When Appu took over watchman duties at the apartment complex, I pegged him as quite a creep and made sure K knew what I thought. One Saturday morning, he came around to deliver a package, rang the bell and as I walked to get the door, I could hear him trying it. I could see him trying it. Why would the watchman try the door to my apartment? It didn’t matter if I was in or not. A few days later, a friend was dropping me home and as she pulled into the building, Appu yelled at us for blocking the gate. “Kya Appu, kyon chilla rahe ho?” I yelled back adding that he routinely allows rickshaws to park in front of the gate, what’s the harm in a car stopping for a few minutes while I get off.

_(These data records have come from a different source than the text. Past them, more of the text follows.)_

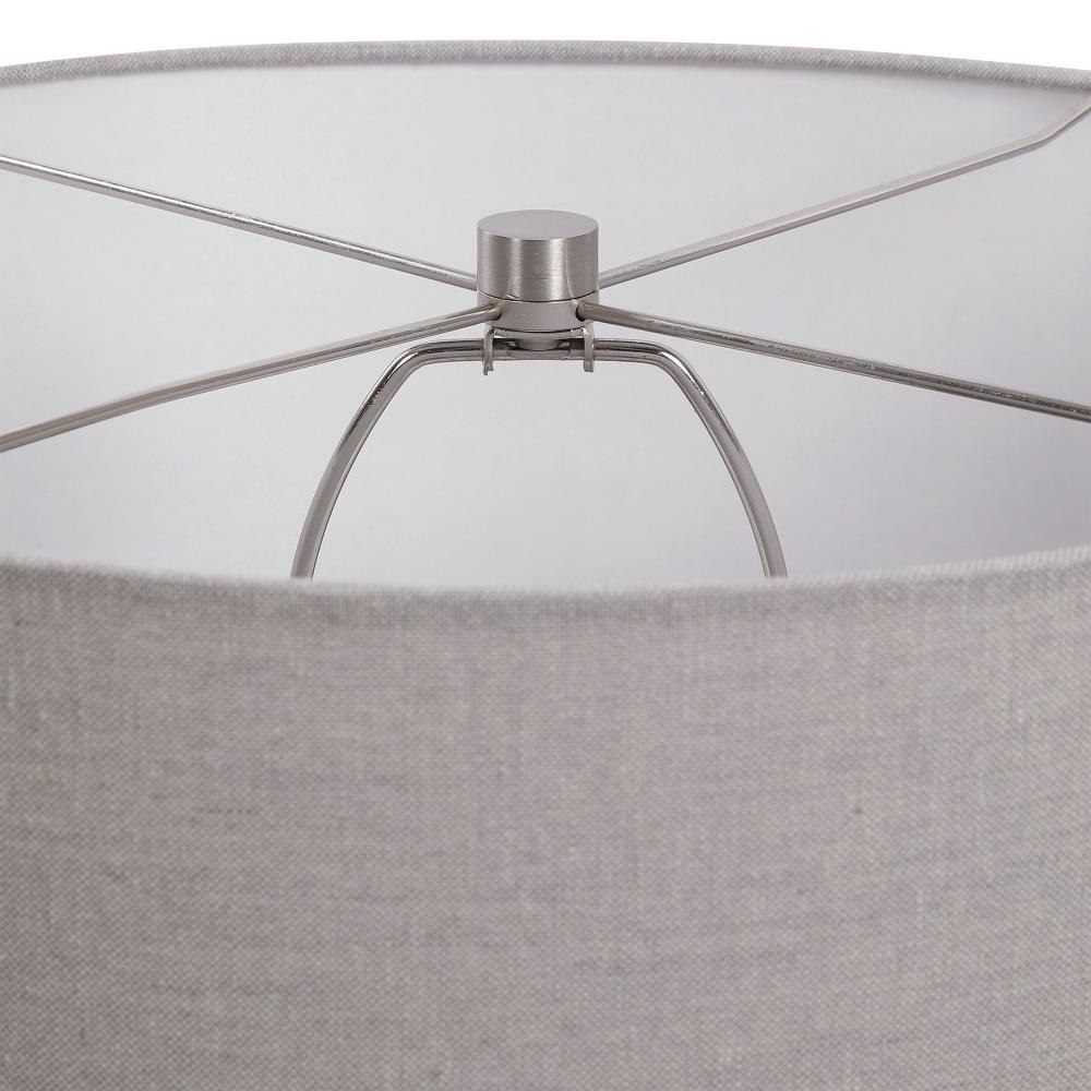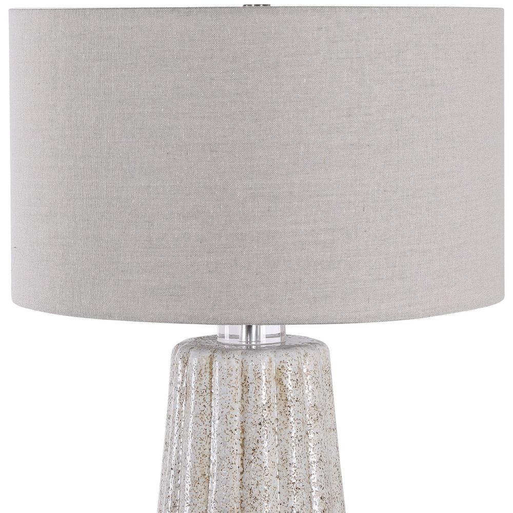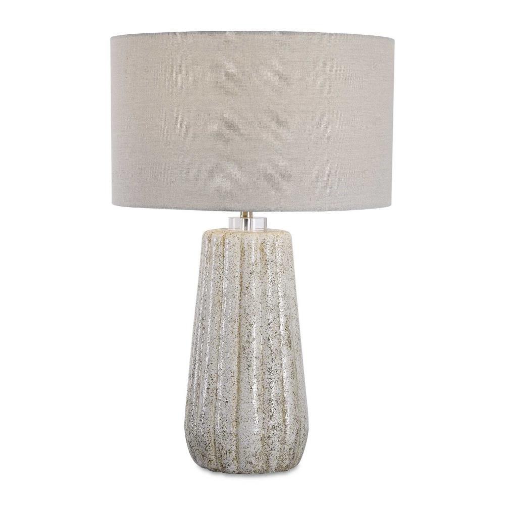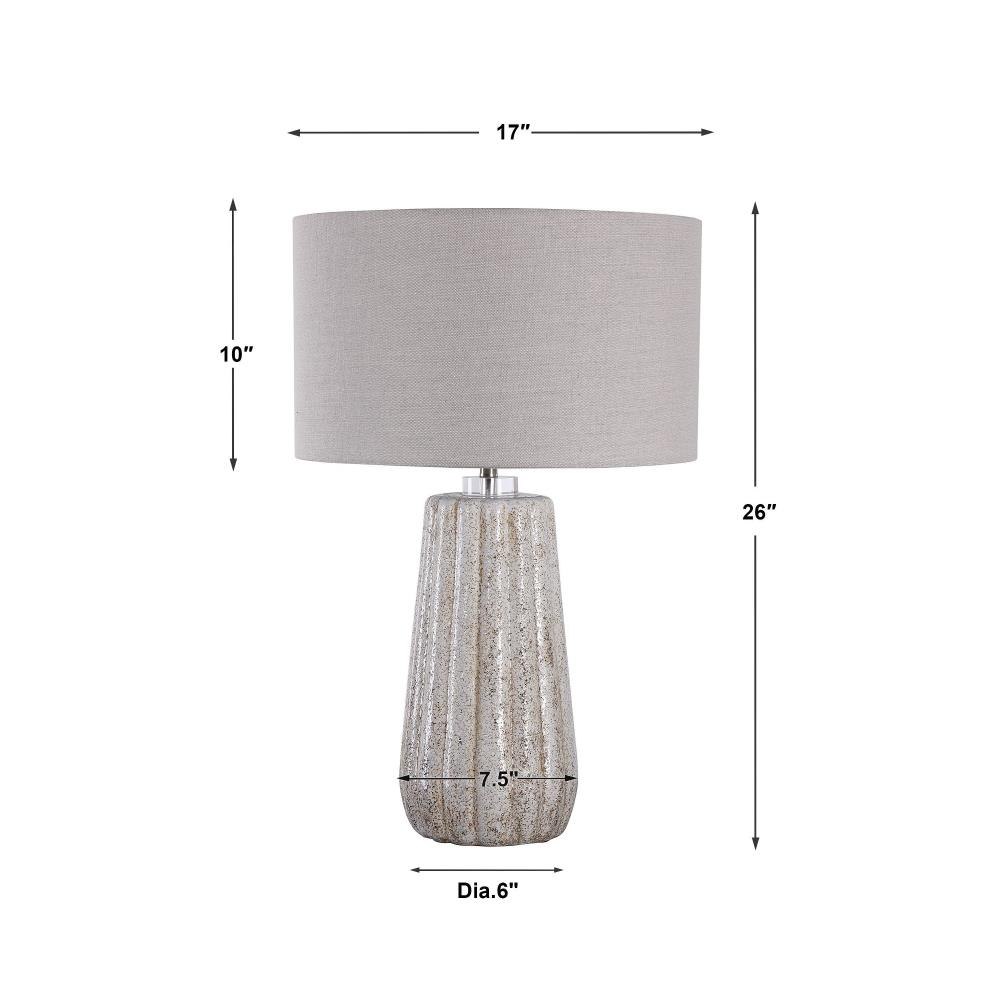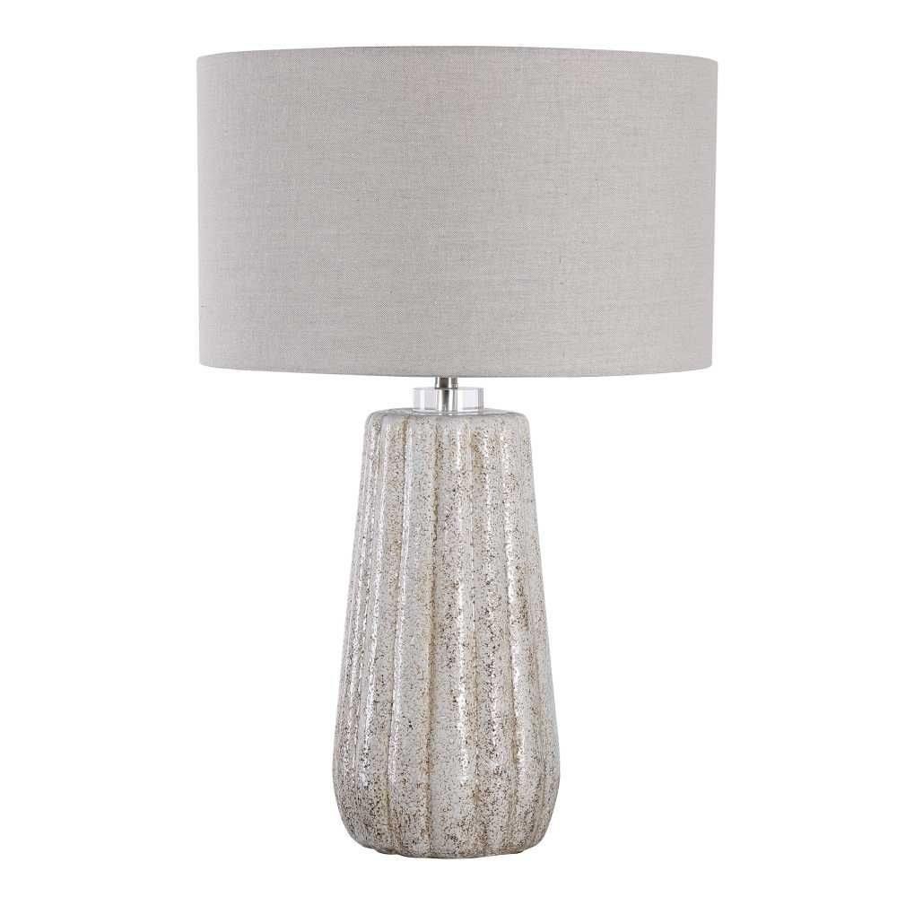 This Ceramic Table Lamp Features A Fluted Design With A Porous Texture Finished In A Stone-ivory And Taupe Glaze, Accented With Brushed Nickel Plated Details And A Thick Crystal Collar. A Light Gray Fabric Drum Shade Completes The Look.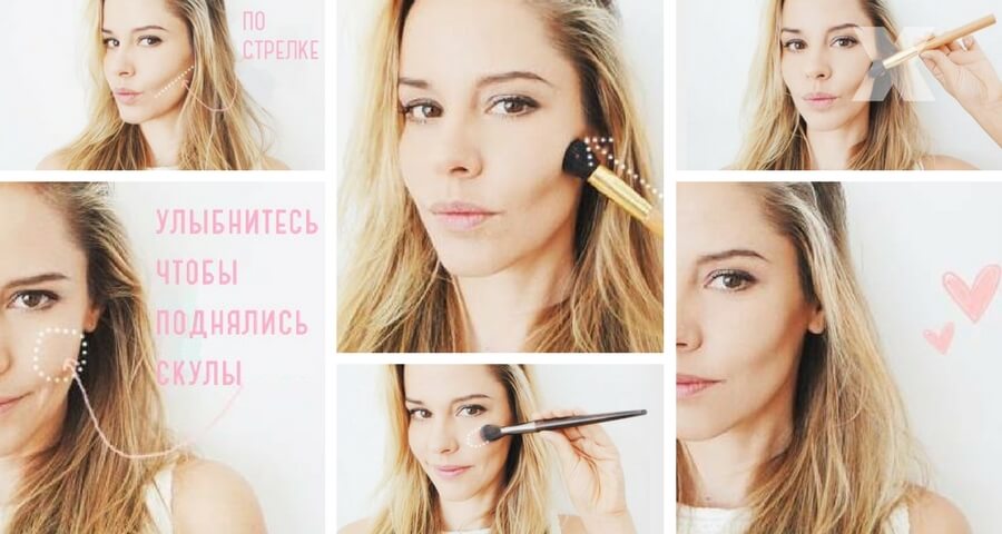 Главная косметика для скул — это румяна. Для выступающей части щеки понадобятся румяна на пару тонов светлее вашего оттенка кожи. Наносите их, начиная движение от крыльев носа и заканчивая у височной части. Затем используйте более темный оттенок. Его следует использовать ниже первого слоя, начиная от подбородка и доводя до висков.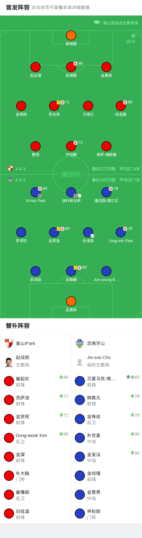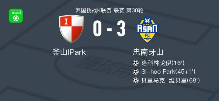 北京时间11月8日韩国挑战K联赛 联赛 第38轮,釜山IPark主场对阵忠南牙山。忠南牙山洛科林戈伊破门,Si-hoo Park破门,贝里马克-维贝里破门。最终比分釜山IPark 0-3 忠南牙山。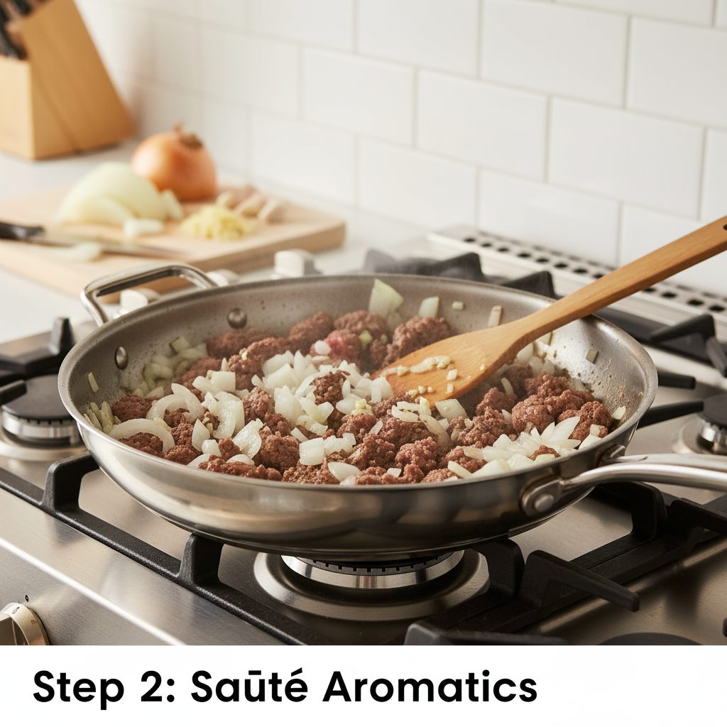 - Layer the Flavor Base: After browning the meat, sauté your aromatics—typically diced onion and garlic—in the same pan. This allows them to absorb the residual meaty flavor.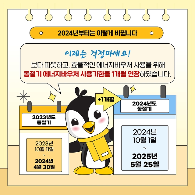 이제는 걱정마세요! 보다 따뜻하고, 효율적인 에너지바우처 사용을 위해 동절기 에너지바우처 사용기한을 1개월 연장하였습니다.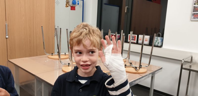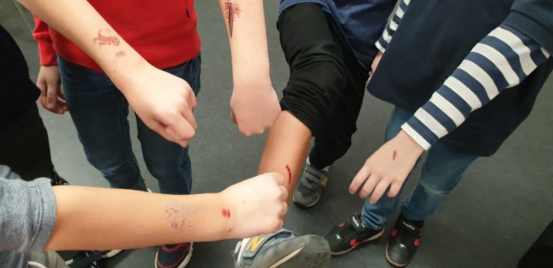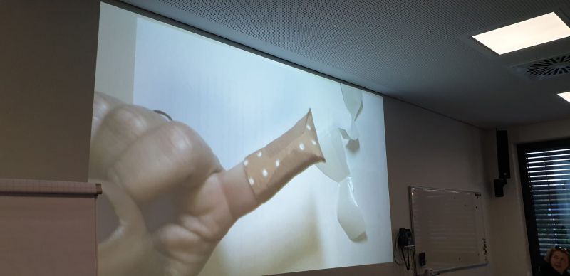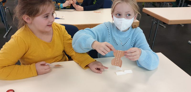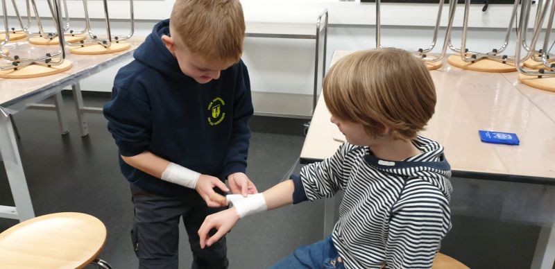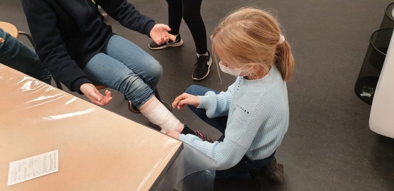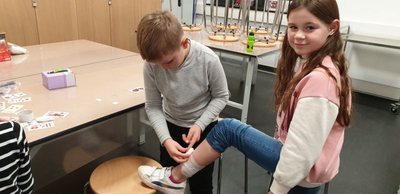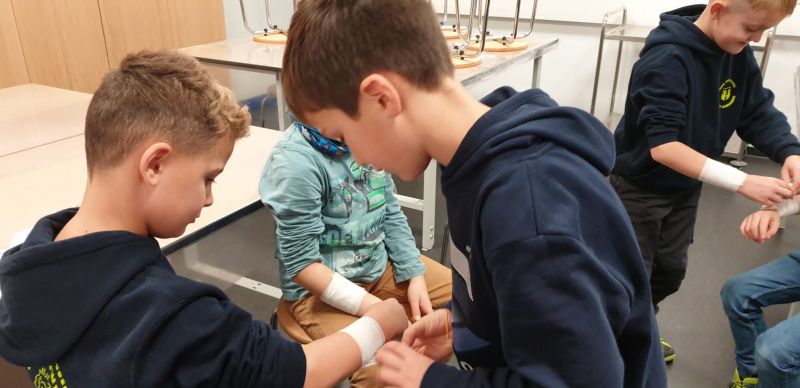 Ein Fingerkuppenverband wurde gegenseitig unter Anleitung angelegt und schon hatten alle ein schickes Pflaster am Finger.

This was also the time a lawyer was raped and murdered by her apartment’s security guard in Mumbai. I then spent inordinate amounts of time worrying about Appu plotting his revenge for insulting his masculinity, etc. K spoke to Appu asking him never to deliver any packages at home - “Madam will pick them up from you downstairs”, spoke to my neighbor Renu about the incident and chewed off all my fingernails out of fear. 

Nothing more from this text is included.